Рождение Сергея ничего не изменило. Игорь был в восторге дня три. Носил сына на руках, называл «наследником», фотографировался с ним в разных позах. А потом оказалось, что младенцы плачут по ночам, требуют смены пеленок и постоянного внимания. «Светик, я так устаю от поисков работы, я совершенно не высыпаюсь», — жаловался он и уходил спать на диван в гостиную, оставляя меня одну с плачущим ребенком и грязными пеленками.
Через три года родилась Оля. Игорь и вовсе отстранился. Дети его раздражали. Их крики мешали ему «сосредоточиться». Алкоголь стал его верным спутником. Сначала — бутылочка пива по вечерам, «чтобы расслабиться». Потом — что-то покрепче. Появились «друзья», с которыми он засиживался допоздна за карточным столом. Иногда он выигрывал, приносил домой шальные деньги, и мы на один вечер становились «богачами» — заказывали пиццу, покупали детям дорогие игрушки. Но чаще он проигрывал. И тогда из дома начинали пропадать вещи. Сначала — мой золотой браслет, подарок родителей на окончание школы. «Потерял, наверное, куда-то завалился», — бормотала я, пряча глаза. Потом — его же собственный костюм, который я покупала ему на последние деньги для очередного собеседования.
Стыд. Вот чувство, которое стало фоном моей жизни. Стыд перед соседями, когда Игорь возвращался домой под утро, громко распевая песни. Стыд перед кассиршей в магазине, когда я пересчитывала мелочь, чтобы купить хлеб и молоко. Стыд перед воспитательницей в детском саду, когда я не могла сдать деньги на новогодние подарки. И самый жгучий, невыносимый стыд — перед собственными детьми.
Сергей рос не по годам серьезным. Он видел все. Он видел мои заплаканные глаза, пустой холодильник, пьяного отца. Лет в четырнадцать он начал подрабатывать — мыл машины, раздавал листовки. Приносил домой свои первые, заработанные потом деньги и молча клал их на кухонный стол. В его глазах я читала немой укор.

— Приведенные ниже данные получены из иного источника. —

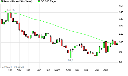 Mit dem Rücksetzer auf 97,80 EUR hat die Pernod Ricard-Aktie am 02.09.2025 die 200-Tage-Linie nach unten gekreuzt.

Он не винил меня напрямую, но я знала — он винит меня за то, что я это терплю. За то, что не могу защитить их.
Оля, наоборот, замкнулась в себе. Тихая, незаметная девочка, она жила в своем мире книг и рисунков. Она боялась отца. Когда он был дома, она старалась не выходить из своей комнаты. Я видела, как она вздрагивает от его громкого голоса, как сжимается, когда он пытается ее обнять своей нетвердой, пахнущей перегаром рукой.

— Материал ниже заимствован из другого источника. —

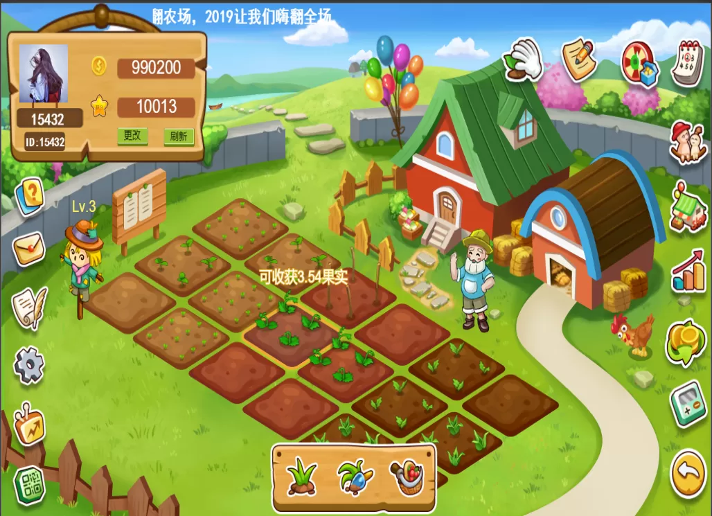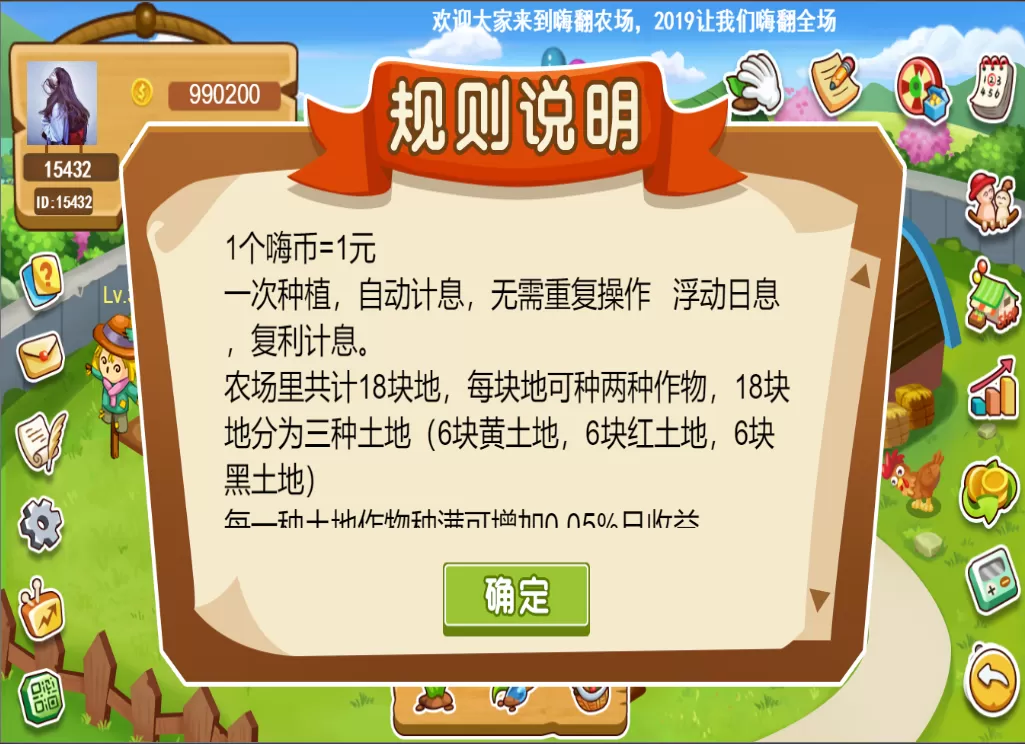 每一种土地作物种满可增加0.05%日收益。

Каждый день был похож на предыдущий. Утром — работа, вечером — вторая работа уборщицей в офисе. Ночью — тревожный сон. Я превратилась в загнанную лошадь, которая тянет непосильный воз. Я забыла, когда в последний раз покупала себе новую вещь, когда просто сидела в тишине с книгой, когда смеялась от души. Вся моя жизнь была подчинена одной цели — выжить. И создать для детей хотя бы иллюзию нормальной семьи. Я прикрывала Игоря, оправдывала его, вытаскивала из долгов, штопала его прохудившуюся жизнь, в то время как моя собственная расползалась по швам.
Иногда, в минуты полного отчаяния, я смотрела на себя в зеркало и не узнавала. Кто эта измученная, постаревшая женщина с потухшим взглядом и морщинками в уголках губ? Куда делась та веселая, наивная Света, которая верила в вечную любовь? Неужели это я? Неужели это моя жизнь? Но потом я гнала эти мысли прочь. У меня дети. Я должна быть сильной. Я должна все выдержать. Игорь изменится. Вот-вот. Завтра. Или послезавтра. Нужно только еще немного потерпеть.
Это «немного» растянулось на тридцать лет.
Глава 3
Последняя капля, которая переполняет чашу, редко бывает большой. Иногда это просто капля. Но именно она рушит плотину терпения, которую ты строила годами. Для меня этой каплей стал обычный почтовый конверт с синей печатью.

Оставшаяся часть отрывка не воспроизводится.